Roots_ The Saga of an American Family - Alex Haley [96]
The steady murmuring that went on in the hold whenever the toubob were gone kept growing in volume and intensity as the men began to communicate better and better with one another. Words not understood were whispered from mouth to ear along the shelves until someone who knew more than one tongue would send back their meanings. In the process, all of the men along each shelf learned new words in tongues they had not spoken before. Sometimes men jerked upward, bumping their heads, in the double excitement of communicating with each other and the fact that it was being done without the toubob’s knowledge. Muttering among themselves for hours, the men developed a deepening sense of intrigue and of brotherhood. Though they were of different villages and tribes, the feeling grew that they were not from different peoples or places.
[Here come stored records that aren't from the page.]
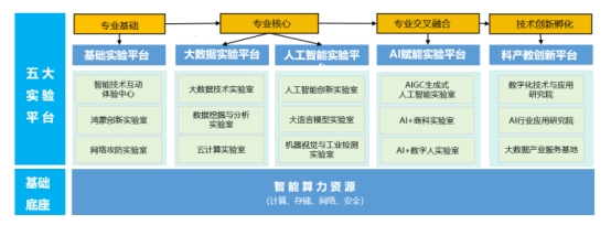 太阳成tyc33455cc具有先进的实验条件,实验面积5000平方米,仪器设备总值4800万元。打造技术先进且集人才培养、科学研究、社会服务于一体的“1+5”人工智能与大数据工程技术中心,即1底座(智能算力资源)、5平台(基础实验平台、大数据实验平台、人工智能实验平台、AI赋能实验平台、科产教创新平台),建设有大学物理、电子技术、数字电子技术、计算机组成原理、计算机网络、信息安全和网络攻防、嵌入式与单片机、鸿蒙创新平台、大数据技术、数据挖掘与分析、云计算、人工智能创新平台、大语言模型训练、机器视觉与工业检测、AIGC通识教育等实验室。人工智能与大数据工程技术中心架构如下图所示。
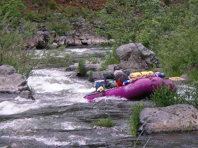 Our other guide, Lea, also ran the fish ladder flawlessly. They stand up and lean forward to tuck the oars back against the raft. Keeps 'em from being flailed to bits when they catch on the rocks.
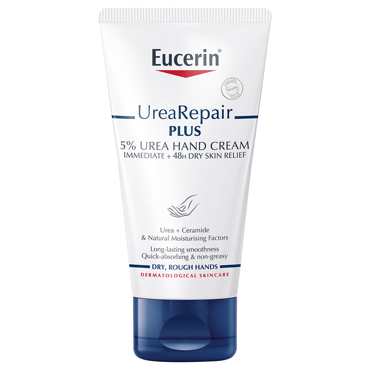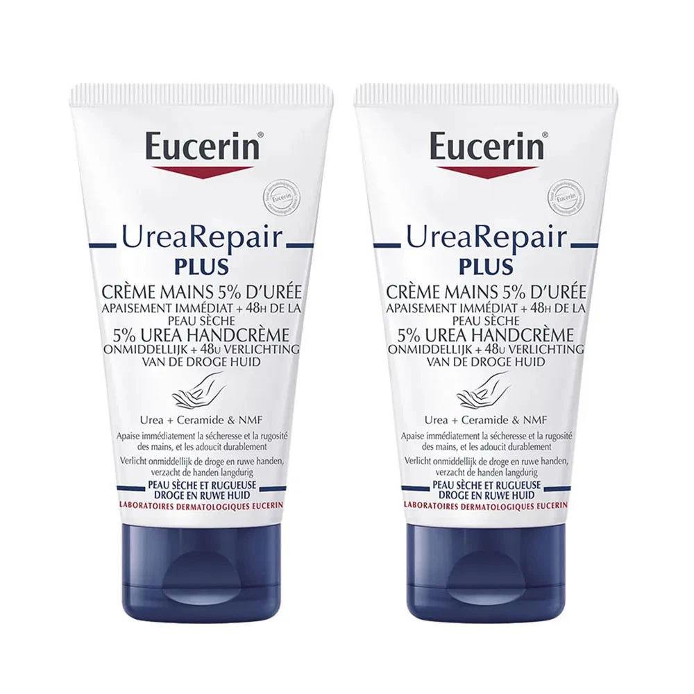 Eucerin UreaRepair PLUS 5% Urea Hand Cream is an intensive moisturizer designed to soothe, repair, and protect dry, rough, and irritated hands. Formulated with 5% urea, ceramides, and natural moisturizing factors (NMFs), this dermatologically tested cream provides immediate and long-lasting hydration, restoring the skin’s natural barrier while reducing roughness and discomfort.

When the toubob next came to drive them up onto the deck, the chained men marched as if they were on parade. And when they descended again, several of those men who spoke several tongues managed to change their position in line in order to get chained at the ends of shelves, thus permitting more rapid relaying of translations. The toubob never seemed to notice, for they were either unable or unconcerned to distinguish one chained man from another.
Questions, and responses to them, had begun spreading in the hold. “Where are we being taken?” That brought a babble of bitterness. “Who ever returned to tell us?” “Because they were eaten!” The question, “How long have we been here?” brought a rash of guesses of up to a moon, until the question was translated to a man who had been able to keep a count of daylights through a small air vent near where he was chained; he said that he counted eighteen days since the great canoe had sailed.
Because of intrusions by toubob with their food tub or their scrapers, an entire day might be used up in relaying of responses to a single statement or question. Anxious inquiries were passed along for men who might know each other. “Is anyone here from Barrakunda village?” someone asked one day, and after a time there came winging back from mouth to ear the joyous response, “I, Jabon Sallah, am here!” One day, Kunta nearly burst with excitement when the Wolof hastily whispered, “Is anyone here from Juffure village?” “Yes, Kunta Kinte!” he sent back breathlessly. He lay almost afraid to breathe for the hour that it took an answer to return: “Yes, that was the name. I heard the drums of his grieving village.” Kunta dissolved into sobs, his mind streaming with pictures of his family around a flapping white cockerel that died on its back as the village wadanela went to spread that sad news among all of the people who would then come to Omoro, Binta, Lamin, Suwadu, and the baby Madi, all of them squatting about and weeping as the village drums beat out the words to inform whoever might hear them far away that a son of the village named Kunta Kinte now was considered gone forever.
Days of talking sought answers to the question: “How could the toubob of this canoe be attacked and killed?” Did anyone have or know of anything that might be used as weapons? None did. Up on the deck, had anyone noticed any carelessness or weaknesses on the part of the toubob that could be useful to a surprise attack? Again, none had. The most useful information of any sort had come from the women’s singing as the men danced in their chains: that about thirty toubob were riding with them on this big canoe. There had seemed to be many more, but the women were in a better position to count them. The women said also that there had been more toubob at the beginning of the voyage, but five had died. They had been sewn inside white cloths and thrown overboard while the white-haired chief toubob read from some kind of book. The women also sang that the toubob often fought and beat each other viciously, usually as a result of arguments over which ones would next use the women.